Common Parent Reactions to the NICU

The NICU is a wealth of sensory input. You may be overwhelmed by the amount of equipment. Many of these machines have unique operating noises and alarms that may frighten you or make you feel something is not right with your baby. The NICU staff are specially trained to interpret and respond to any concerning alarms and explain what they mean. As you spend more time in the NICU, you too will begin to distinguish among various alarm sounds.

Depending on the time of day, the unit may be a flurry of activity. More people tend to be in the NICU during the day because this is when most physicians, nurse practitioners, and physician assistants make rounds (visit each patient) and most diagnostic testing is performed. Many different health care providers involved in your baby’s care will introduce themselves to you. Don’t worry about remembering their names or what they do.

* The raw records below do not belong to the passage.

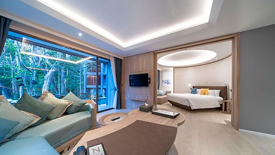 DELUXE POOL ACCESS is 323 square feet and includes a king-size bed 150-183 width plus balcony, extra beds on demand, and slippers and is Wheelchair-accessible.
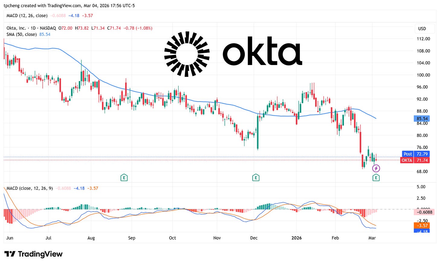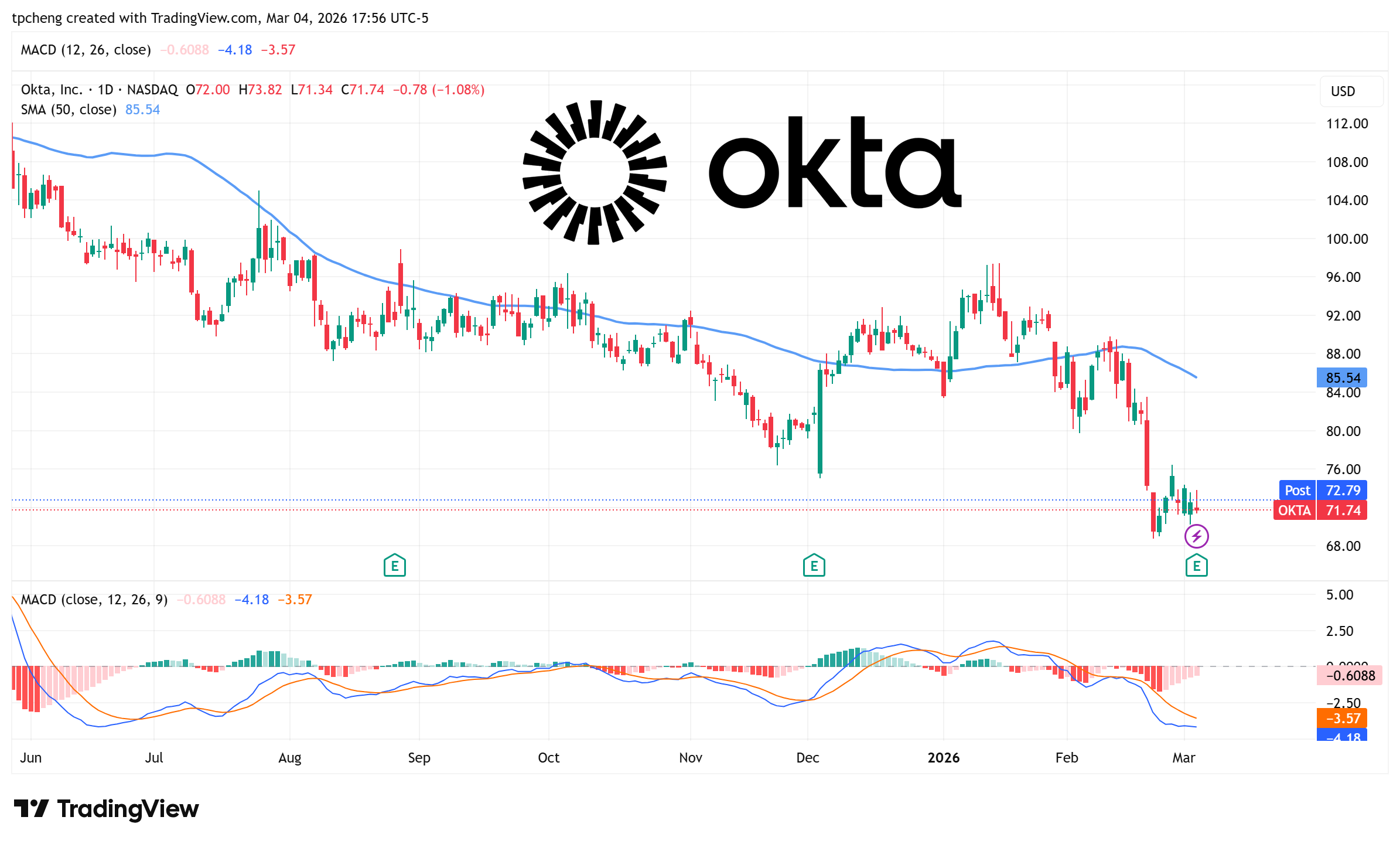 展望與表現:Okta 預計 Q1 營收成長僅 9%,這是其 2017 年上市以來首次出現個位數增長,反映出企業因經濟不確定性而延後 IT 支出的現狀 。受此影響,股價在盤後下跌約 1% 。
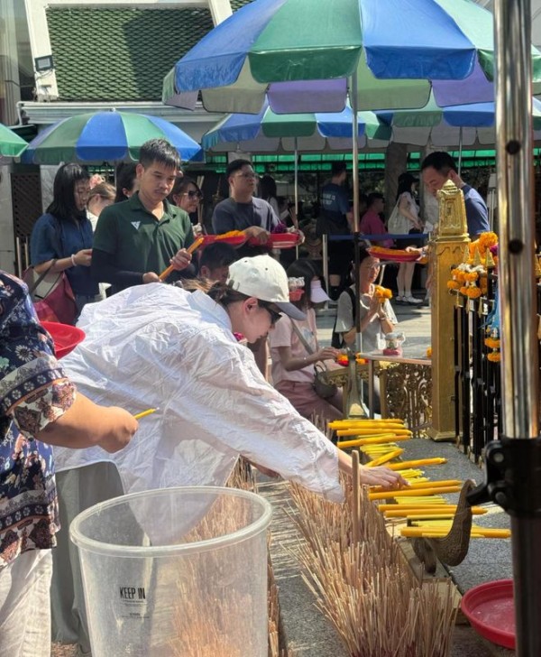 戚薇曼谷四面佛还愿,双手合十跪地上香很虔诚,李承铉满面不自在

The staff understand that you are taking in a lot of new information and will continue to introduce themselves as you get to know each other and develop your NICU partnership.

Parents report a range of reactions and emotions following their first moments in the NICU. How you feel may depend on whether you were expecting your infant to need NICU care after birth, your baby’s condition, your own condition, and if you have had any past NICU experience.


Fear is a normal reaction to the unknown. Most parents have little previous experience with sick newborns; many are uncomfortable in the NICU environment and concerned about their baby. They may also fear the possibility of serious illness, disability, or even death. They may even begin to question their own abilities to take care of this ill or premature baby.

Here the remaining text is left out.